Plus un commentaire qu'un essai, le Japon moderne et l'éthique du samouraï est une réflexion autour du Hagakuré, texte traditionnel du XVIIe siècle. Mis à l'honneur dans le Japon lors de la seconde guerre mondiale, afin de fortifier l'esprit combatif et la détermination des jeunes nippons kamikazes, ce texte a ensuite été dénigré et brûlé pour incitation à la haine. Cette oeuvre du samouraï Yamamoto Jocho, au service du clan Nabeshima, est une compilation de principes et de réflexions destinés à guider les jeunes samouraïs. Ce texte circula de génération en génération, tenu en haute considération malgré son décalage avec son temps, et fut progressivement popularisé et diffusé à travers tout le Japon jusqu'à la période contemporaine. Mishima a longuement médité les principes délivrés par l'ouvrage, et en a retiré une philosophie de vie, ce qui le conduira au suicide par seppuku.
Le texte de Mishima se décompose en trois parties. Dans la première partie, l'auteur explique l'intérêt du Hagakuré : il décrit sa découverte de ce texte, avant de dresser un parallèle sur les contextes du Japon du XVIIe siècle et celui des années 1950. Mishima estime qu'il y a une évolution des moeurs similaire. Au XVIIème siecle, le Japon est unifié par Tokugawa, qui va instaurer le gouvernement du shôgun, ce qui va être décisif pour la caste des samouraï.
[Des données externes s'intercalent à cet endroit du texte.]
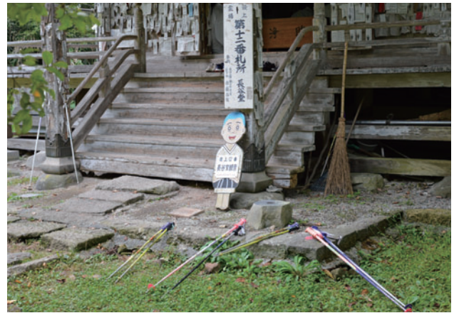
図6 四国の杖立 (a)石手寺本堂前、(b)浄土寺本堂前、(c)浄土寺手水前 (2022/10)

Jusqu'ici, leurs compétences guerrières étaient recherchées pour leurs daimyô (seigneurs), et leur valeur de guerrier était prisée avant toute autre. Tokugawa, afin de consolider son emprise sur le Japon favorisa le développement des arts intellectuels chez les samouraïs, qui devinrent peu à peu autant une caste de fonctionnaires que de guerriers. La figure de
Miyamoto Musashi, est assez représentative de cette évolution : le jeune Shinmen Takezo ne deviendra un samouraï accompli qu'en passant par l'étude, l'amour de l'art et du Zen. Mais certains esprits conservateurs comme Jocho s'insurge contre ces changements, qui sont contre les valeurs dans lesquels ils ont été édifiés.
Mishima Yukio se pose dans la même position pour le Japon des années 50. Il est en effet occupé par les Etats-Unis et s'est engagé, par sa nouvelle constitution, à renoncer à la guerre. L'occidentalisation de la société d'alors provoque un certain malaise et perte de repères, qui s'expriment dans la littérature de l'époque.
Dans une seconde partie, Mishima commente de larges extraits du Hagakuré, les citations de Jocho occupant autant de place que la prose de l'auteur. Ce développement est une collection hétéroclite, qui mélange des réflexions pertinentes à des préceptes moralisateurs abrupts, ou à des conseils plus futiles sur le bâillement ou les beuveries.
La dernière partie de l'ouvrage (les Appendices) est la reproduction du Hagakuré lui-même avec des passages déjà cités.
Cet essai peut être déconcertant par le mélange entre réflexion profonde et juste (sur la mort selon Jocho, sur l'accompagnement que doit donner un maitre à son éleve) et des anecdotes sur un savoir vivre un peu désuet. Pour un esprit occidental, la construction de l'oeuvre est par fois difficile à suivre et la pensée nippone un peu trop repliée sur son passé et sur la nostalgie de son histoire guerrière. Pourtant, cette oeuvre possède une certaine force, lorsque l'on sait que son auteur a su aller jusqu'à la mort pour respecter l'éthique samourai.